March 21, 2018
Austin Bomber Photos: Pictures Of Bombing Suspect Wearing Blonde Wig In FedEx Store Emerge

The Austin bombing suspect has not been named by authorities as of this writing, but the 24-year-old white male bombing suspect is believed to be dead, as reported by Heavy. Although the bombing suspect is dead, authorities are warning Austin residents to still be vigilant and to watch out for suspicious packages and trip wires, because it is not known if the bombing suspect left any other bombs or trip wires around the area prior to his death. It is also unknown if the bombing suspect worked alone at this point.

The bombing suspect died in a confrontation with police after driving into a ditch on Wednesday, March 21, and setting off an explosive device to take his own life. Police Chief Brian Manley gave the age and race of the bombing suspect, but has not released further details about the dead man. Manley said that authorities do not know the suspect's motivation. It is not believed that the bombings were motivated by racial hate, because of the bombing suspect's use of trip wires, which would have indiscriminately harmed people.

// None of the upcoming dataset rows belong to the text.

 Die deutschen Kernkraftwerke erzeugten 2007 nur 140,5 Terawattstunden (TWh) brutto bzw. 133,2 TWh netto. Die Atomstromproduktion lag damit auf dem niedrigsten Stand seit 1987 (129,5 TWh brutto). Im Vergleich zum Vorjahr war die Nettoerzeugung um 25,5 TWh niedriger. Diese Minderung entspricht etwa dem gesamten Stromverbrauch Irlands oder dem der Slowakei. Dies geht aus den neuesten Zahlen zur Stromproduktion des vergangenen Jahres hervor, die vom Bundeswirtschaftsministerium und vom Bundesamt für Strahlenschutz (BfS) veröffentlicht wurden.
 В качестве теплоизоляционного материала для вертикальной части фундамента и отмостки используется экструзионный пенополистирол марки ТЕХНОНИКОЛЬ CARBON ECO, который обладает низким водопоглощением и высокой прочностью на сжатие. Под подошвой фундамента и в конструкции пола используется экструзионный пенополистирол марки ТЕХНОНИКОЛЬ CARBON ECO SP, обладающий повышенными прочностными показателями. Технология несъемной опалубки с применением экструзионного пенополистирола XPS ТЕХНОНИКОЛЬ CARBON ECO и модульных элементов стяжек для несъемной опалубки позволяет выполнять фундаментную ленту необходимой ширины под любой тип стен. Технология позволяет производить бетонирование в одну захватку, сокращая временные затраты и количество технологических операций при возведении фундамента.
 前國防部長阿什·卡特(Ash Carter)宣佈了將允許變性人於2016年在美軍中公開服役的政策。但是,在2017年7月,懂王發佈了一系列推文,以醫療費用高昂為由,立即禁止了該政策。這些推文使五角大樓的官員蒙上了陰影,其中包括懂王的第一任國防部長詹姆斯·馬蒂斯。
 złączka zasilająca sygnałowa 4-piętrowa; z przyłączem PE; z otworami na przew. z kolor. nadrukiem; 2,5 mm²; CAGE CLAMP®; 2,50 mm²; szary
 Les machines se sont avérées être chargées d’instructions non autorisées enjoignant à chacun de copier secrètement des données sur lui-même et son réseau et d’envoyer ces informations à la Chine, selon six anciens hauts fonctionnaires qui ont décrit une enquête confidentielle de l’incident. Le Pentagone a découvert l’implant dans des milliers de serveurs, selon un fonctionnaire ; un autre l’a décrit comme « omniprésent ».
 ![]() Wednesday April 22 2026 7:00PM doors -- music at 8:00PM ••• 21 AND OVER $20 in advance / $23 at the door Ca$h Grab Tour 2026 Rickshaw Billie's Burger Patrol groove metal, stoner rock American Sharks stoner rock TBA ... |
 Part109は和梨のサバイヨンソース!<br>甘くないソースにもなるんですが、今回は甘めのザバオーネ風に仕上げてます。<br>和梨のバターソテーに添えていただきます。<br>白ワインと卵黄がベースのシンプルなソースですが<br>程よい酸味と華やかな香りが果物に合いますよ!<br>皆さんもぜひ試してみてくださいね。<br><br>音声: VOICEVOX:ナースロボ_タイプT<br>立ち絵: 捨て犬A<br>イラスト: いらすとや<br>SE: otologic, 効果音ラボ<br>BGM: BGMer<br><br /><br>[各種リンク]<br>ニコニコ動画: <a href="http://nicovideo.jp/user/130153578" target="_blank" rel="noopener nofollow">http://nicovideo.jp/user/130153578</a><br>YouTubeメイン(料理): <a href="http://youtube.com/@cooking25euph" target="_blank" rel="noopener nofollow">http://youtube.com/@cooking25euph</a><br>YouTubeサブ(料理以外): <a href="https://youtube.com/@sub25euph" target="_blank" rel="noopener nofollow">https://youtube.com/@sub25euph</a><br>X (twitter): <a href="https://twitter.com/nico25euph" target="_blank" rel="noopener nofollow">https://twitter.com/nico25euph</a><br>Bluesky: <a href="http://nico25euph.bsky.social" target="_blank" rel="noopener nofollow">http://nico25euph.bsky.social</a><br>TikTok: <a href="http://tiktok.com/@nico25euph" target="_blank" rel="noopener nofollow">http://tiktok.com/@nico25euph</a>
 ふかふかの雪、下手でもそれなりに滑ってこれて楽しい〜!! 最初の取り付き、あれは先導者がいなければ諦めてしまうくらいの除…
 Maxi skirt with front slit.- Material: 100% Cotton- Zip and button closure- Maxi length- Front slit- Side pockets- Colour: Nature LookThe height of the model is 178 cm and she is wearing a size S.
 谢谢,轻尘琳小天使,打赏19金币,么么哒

Photos of a wig-wearing bombing suspect soon appeared on Twitter in the wake of the bomber's death. As reported by Randy Beamer, an anchor, reporter and photographer with News 4 San Antonio WOAI-TV, the below exclusive photos show the Austin bombing suspect who was named a "person of interest." The man appears to be wearing a baseball hat, a blonde wig, a dark green T-shirt and blue jeans as he entered an Austin Federal Express store and dropped off at least two packages.

The bombing suspect was chased by police along I-35, with his death occurring, according to CBS 46, near a Red Roof Inn after detonating the device to kill himself. Authorities had located the bombing suspect's vehicle near the hotel in the Austin area when he drove away and into the ditch.

SWAT team members from the Austin Police Department approached the vehicle when the bombing suspect detonated the device. Upon positive identification of the bombing suspect's body and notification of next of kin, the suspect's name is expected to be released to the public.